The history of the coinage from Henry VII. to the reign of Elizabeth is one of depreciation and adulteration, as it had been in the preceding century. Not till Elizabeth did it begin to return to a sound and honest standard.

Henry VII. made several variations in the money of the realm. He preserved the standard of Edward IV. and Richard III., coining 450 pennies from the pound of silver, or thirty-seven nominal shillings and sixpences. He introduced shillings as actual money, being before only nominal, and used in accounts. These shillings, struck in 1504 - called at first large groats, and then testons, from the French "teste," or "tete," a head - bore the profile of the king instead of the fall face; a thing unknown since the reign of Stephen, but ever after followed, except by Henry VIII. and Edward VI., who, however, used the profile in their groats. Henry coined also a novel coin - the sovereign, or "double rose noble," worth twenty shillings, and the "rose dial," or half-sovereign. These gold coins are now very rare.

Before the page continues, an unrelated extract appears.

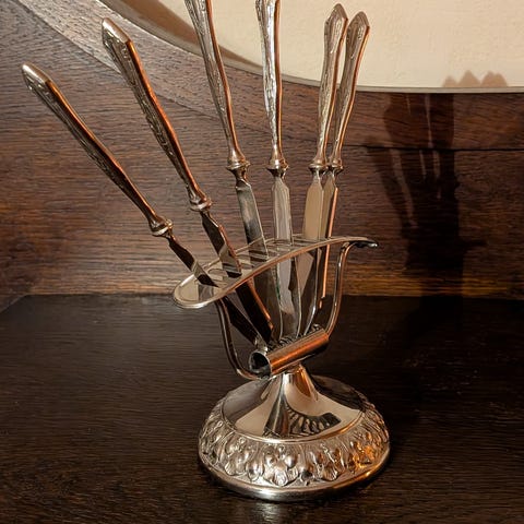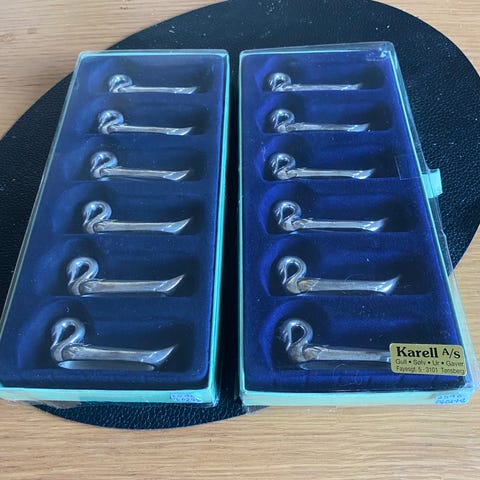 Dette er klassiske knivstøtter i metall (sølvplett), litt tunge og solide – akkurat slik en selvrespekterende svane skal være. Leveres i original eske.

On the reverse of his coins he for the first time placed the arms.

The gold coins of Henry VIII. were sovereigns, half-sovereigns, or rials, half and quarter rials, angels, angelets Or half-angels, and quarter-angels, George nobles – so called from bearing on the reverse St. George and the dragon - crowns, and half-crowns. His silver coins were shillings, groats, half-groats, and pennies. Amongst these appeared groats and half-groats coined by Wolsey at York, in accordance with a privilege exercised by the Church long before. In his impeachment it was made a capital charge that he had placed the cardinal's hat on the groats under the king's arms. The groats also bore on each side the arms his initials, "T. W.," and the half-groats "W. A." - Wolsey Archiepiscopus.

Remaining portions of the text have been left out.